If everything is done correctly, then a form will open at this address into which you can insert test values ​​into your hands and check (via phpMyAdmin, for example) that the data is checked and correctly placed in the database.

If you already have a radio switch and a gateway, this data will also be sent to the database.


The task of logging was decided; now we will implement a more convenient way of reading and changing the parameters of wireless modules.

Reading and modifying module parameters

Let's create another script (at 192.168.1.10/tests ), which of itself will also represent the form with which the server will form requests to our gateway, receive responses and display them in the same form.


In the image above, the result of the form is already being processed: the two upper fields and the selector form the data for the request, “OK” is the value of the message parameter from the response, the remaining parameters are the corresponding parts of the response.

Parsing the answer is done using JavaScript.

In the work of this script there is a little trick.
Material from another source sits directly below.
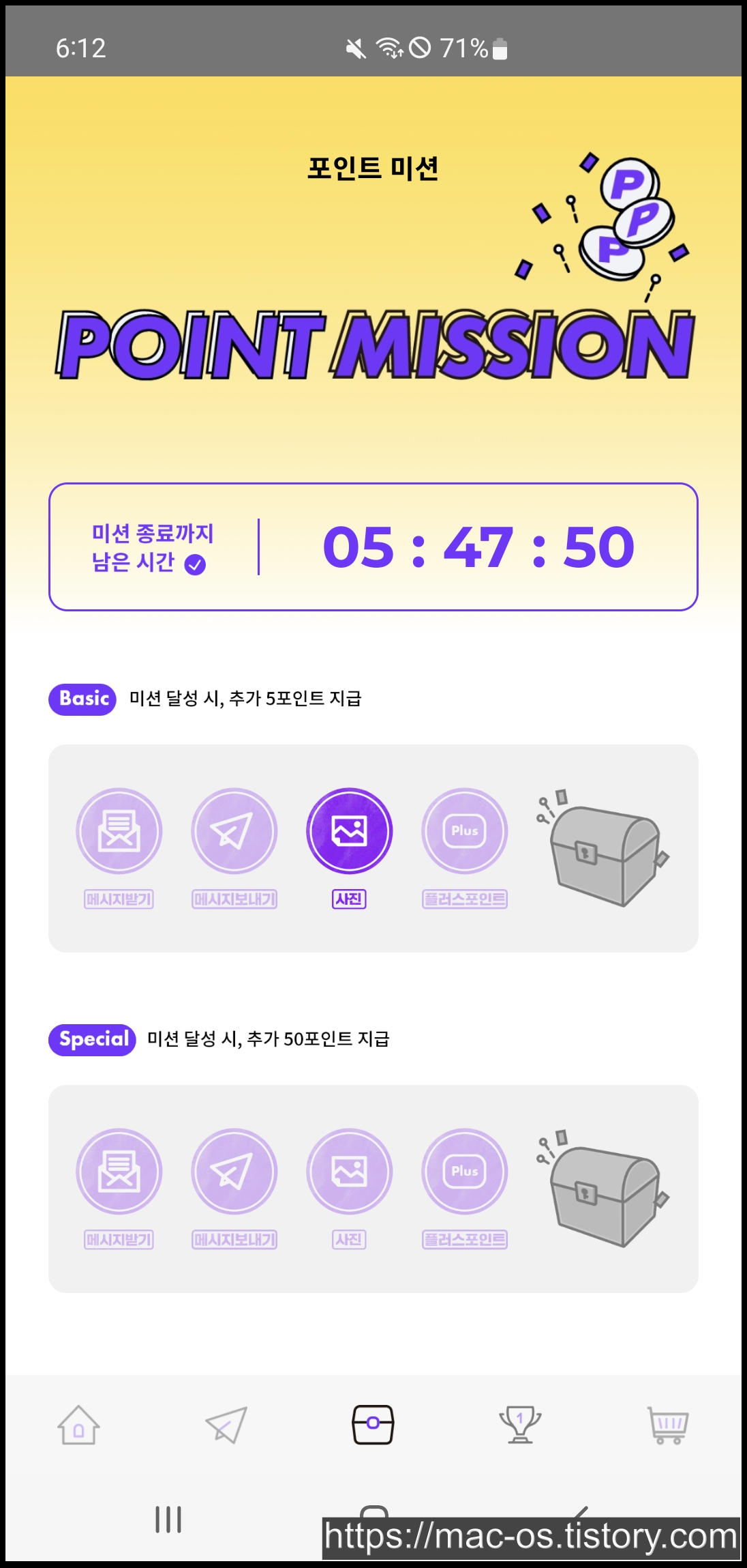 좌측 사진은 포인트포토 포인트 미션이다. Basic 미션과 Special 미션으로 총 2가지의 미션이 있으며, 해당 미션을 완료할 경우 매일 추가 포인트를 받을 수 있다.

These forms are not sent immediately to the gateway, but pass through the json-proxy.php file

This approach allows you to access the "main" script from the external network, while the gateway can remain in the internal network.

In this intermediate file, you should do a full data check in order to protect yourself from SQL injection.

It is much more convenient to work with this page, but again, so far everything is at the level of one parameter of a specific sensor.

Control Center Home

Now you can combine our achievements, read a little about AJAX and make just such a page (at 192.168.1.10/tests/switch.php ):

To update the data of a specific parameter, the function chekIt (701, 1, 'ch1') is called; (actually, there are three arguments: the module number, the parameter number, and the identifier of the div, the contents of which need to be updated).

The page displays the time parameters of the module operation (in order not to strain our gateway, which is weak in resources) - we request this data every 5 minutes.

Data on the status of the lighting and ventilation channels is updated more often - once every 5 seconds (often enough so that you do not have to wait long for the state to change after pressing the corresponding on or off button).

The doIt () function calls are “hung” on buttons:

 <input type="button" value="" onclick="doIt(701,1,1);"> 

Function parameters: module number, parameter number and new value.

At the very bottom of the page, the gateway response is displayed.

The data on the page is displayed without rebooting, everything happens “by itself”.

Result

• Now the radio-controlled switch works not only by itself, but is also conveniently controlled from a web page.
• A universal gateway LAN <=> RF24 was created, which allows working with various home wireless devices. Simply add a new device with the same radio protocol - no changes are required in the gateway code.
• Configured constant logging of sensor values ​​for post-processing (for example, for analyzing or building beautiful graphs).

Further development of the project

On the server, you can organize any additional data processing, which will allow to implement various scenarios.

For example: a long press on the on / off button of the lighting of our radio-controlled switch (remember, one of the module's parameters is set to “1”) will launch the script, which will turn off all switched on light sources (of course, they must also be equipped with radio-controlled switches).



This completes my “teaching material” on this topic. Thank you for your attention and sorry that the "course" was so prolonged.

Thank you Nikita_Rogatnev for help in preparing the material for publication.